The data collected by an investigator is in raw form and cannot offer any meaningful conclusion; hence, it needs to be organized properly. Therefore, the process of systematically arranging the collected data or raw data so that it can be easy to understand the data is known as organization of data. With the help of organized data, it becomes convenient for the investigator to perform further statistical treatments. The investigator can also compare the mass of similar data if the collected raw data is organized systematically. 

Classification of Data

A method of organization of data for the distribution of raw data into different classes based on their classifications is known as classification of data. In other words, classification of data means converting raw data collected by an investigator into statistical series in a way that provides meaningful conclusions. 

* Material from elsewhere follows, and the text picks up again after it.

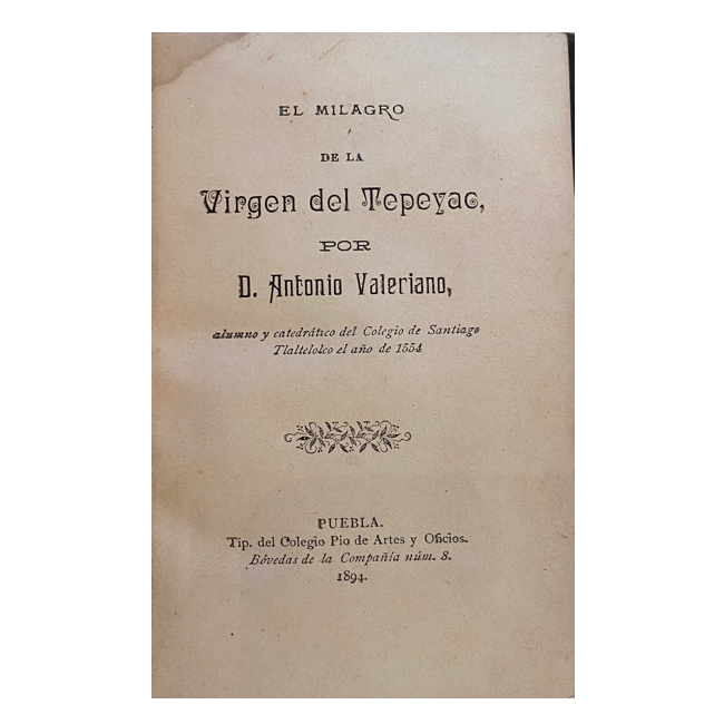 1895. VALERIANO, Antonio. “El Milagro de la Virgen del Tepeyac”

According to Conner, “Classification is the process of arranging things (either actually or notionally) in groups or classes according to their resemblances and affinities, and gives expression to the unity of attributes that may exist amongst a diversity of individuals.”

Based on the definition of classification of data by Conner, the two basic features of this process are:

  • The raw data is divided into different groups. For example, on the basis of marital status, people can be classified as married, unmarried, divorced and engaged.
  • The raw data is classified based on class similarities. All similar units of the raw data are put together in one class. For example, every educated person can be put together in one class and uneducated in another.

Each group or division of the raw data classified on the basis of their similarities is known as Class. 

For example, the population of a city can be classified or grouped based on their age, education, income, sex, marital status, etc., as it can provide the investigator with better conclusions for different purposes. 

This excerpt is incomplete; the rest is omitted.